Farm sector profitability is forecast to decline for the third straight year, according to the the Farm Income and Financial Forecasts for 2015 and 2016, recently released by USDA’s Economic Research Service. Net cash farm income for 2016 is forecast at $94.1 billion, down 13.3% from the 2015 estimate. Net farm income is forecast to be $71.5 billion in 2016, down 11.5%. If realized, 2016 net farm income would be the lowest since 2009.
“Today’s farm income forecast underscores the unique ability of American farmers and ranchers to plan ahead and make sharp business decisions in a challenging market, as net farm income for 2015 was revised up significantly to $80.7 billion-an increase of 43% since the February forecast,” said Tom Vilsack, USDA secretary. “Falling production expenses, including the price of fuel and inputs, was the largest contributor to this latest rally by farmers. Just last week, farm exports for 2016 were revised up to one of the highest levels on record, demonstrating that U.S. farmers and ranchers continue to beat expectations.”
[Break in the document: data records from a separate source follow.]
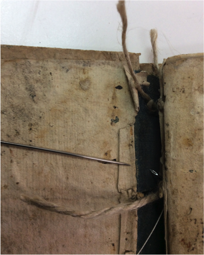 MANY thanks Lara for sharing your tool-trick. I would like to present an alternative which Christopher Harvey (College of Arms) let me know: a dental floss threader (http://www.gumbrand.com/between-teeth-cleaning/floss-threaders/gum-eez-thru-floss-threaders-840a.html) It works as the sewing needle itself. Needless to describe the advantages of its flexibility, but I find its most remarkable feature to be the strength and resilience the loop shows when (gently…) pulling the thread into and out of the sections.
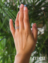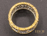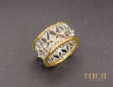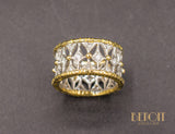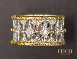 Bague large ajourée en or blanc 750/1000e, sertie de diamants, agrémentée de billes d'or jaune 750/1000e. Deux bandes d'or jaune viennent encadrer la partie en or blanc. Bijou de très belle facture.
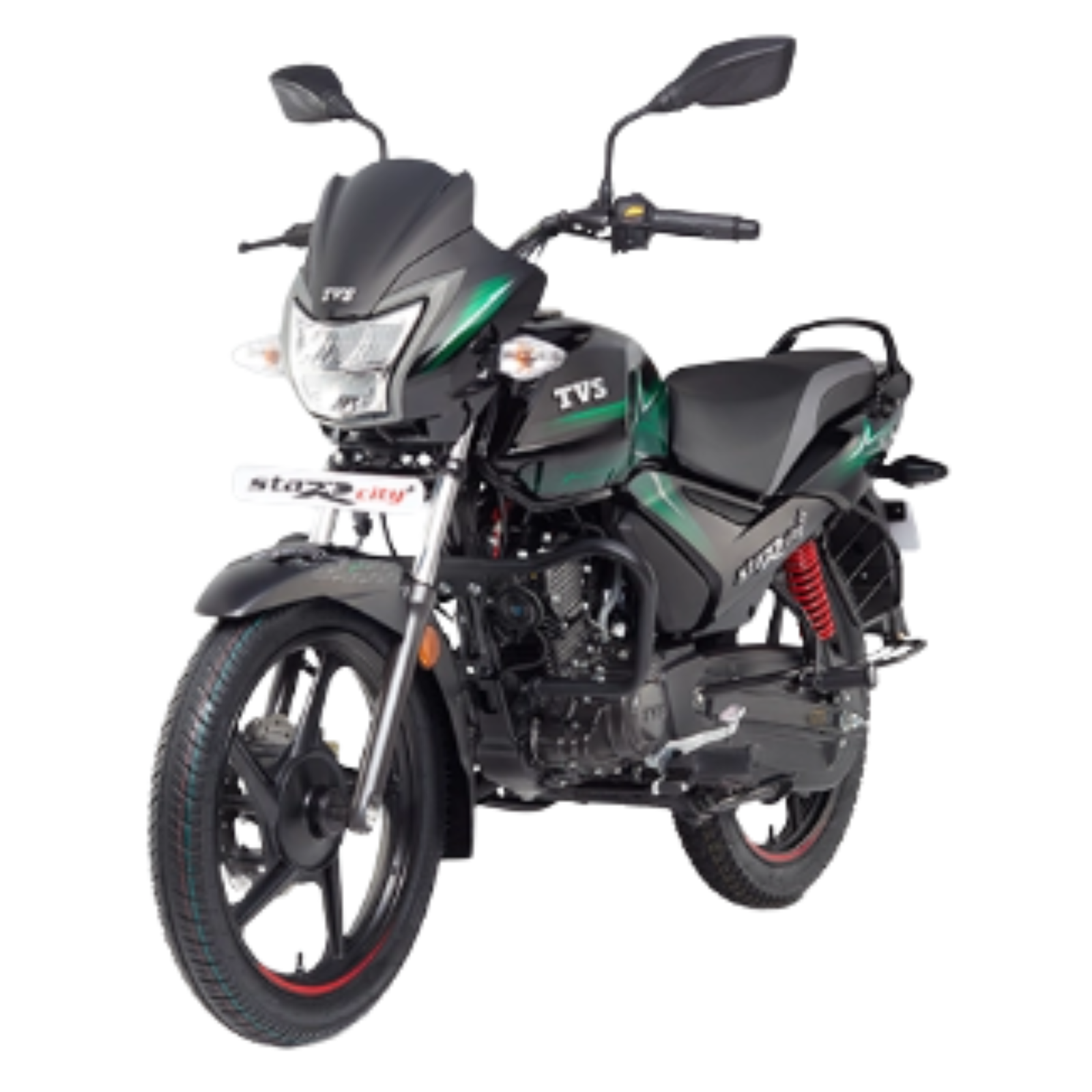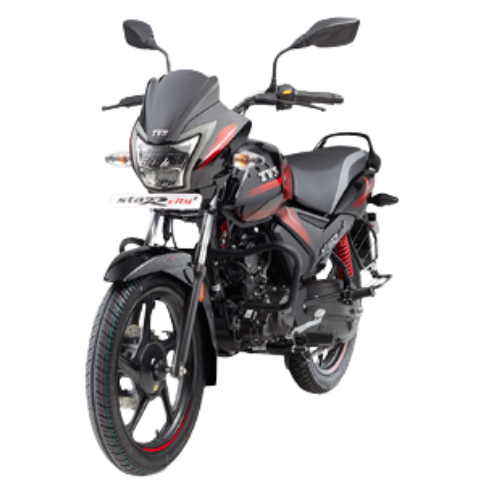 The TVS Star City+ Dual Tone Disc is a commuter motorcycle featuring a 109.7cc BS6-compliant, ET-Fi engine, a 240mm front disc brake with Sync Brake Technology (SBT), and 5-step adjustable rear shock absorbers for a comfortable ride. It offers modern features like an LED headlamp, semi-digital instrument console, alloy wheels, and a USB mobile charger, providing a blend of style, efficiency, and practicality for daily use.

Cash receipts are forecast to fall $25.7 billion (6.8%) in 2016, with a $7.1 billion (3.7%) decline in crop receipts. Lower receipts are expected for vegetables/melons, down $3.2 billion (5.5%) and $1.5 billion (7.5%), respectively. Direct government farm program payments are projected to rise $2.7 billion (24.8%) to $13.5 billion in 2016, in part due to the expected price environment.
For the second year in a row production expenses are down. Total production expenses are forecast down $10.1 billion (2.8%) over 2015, led by declines in farm-origin inputs (feed, livestock/poultry, seed) and fuel/oils.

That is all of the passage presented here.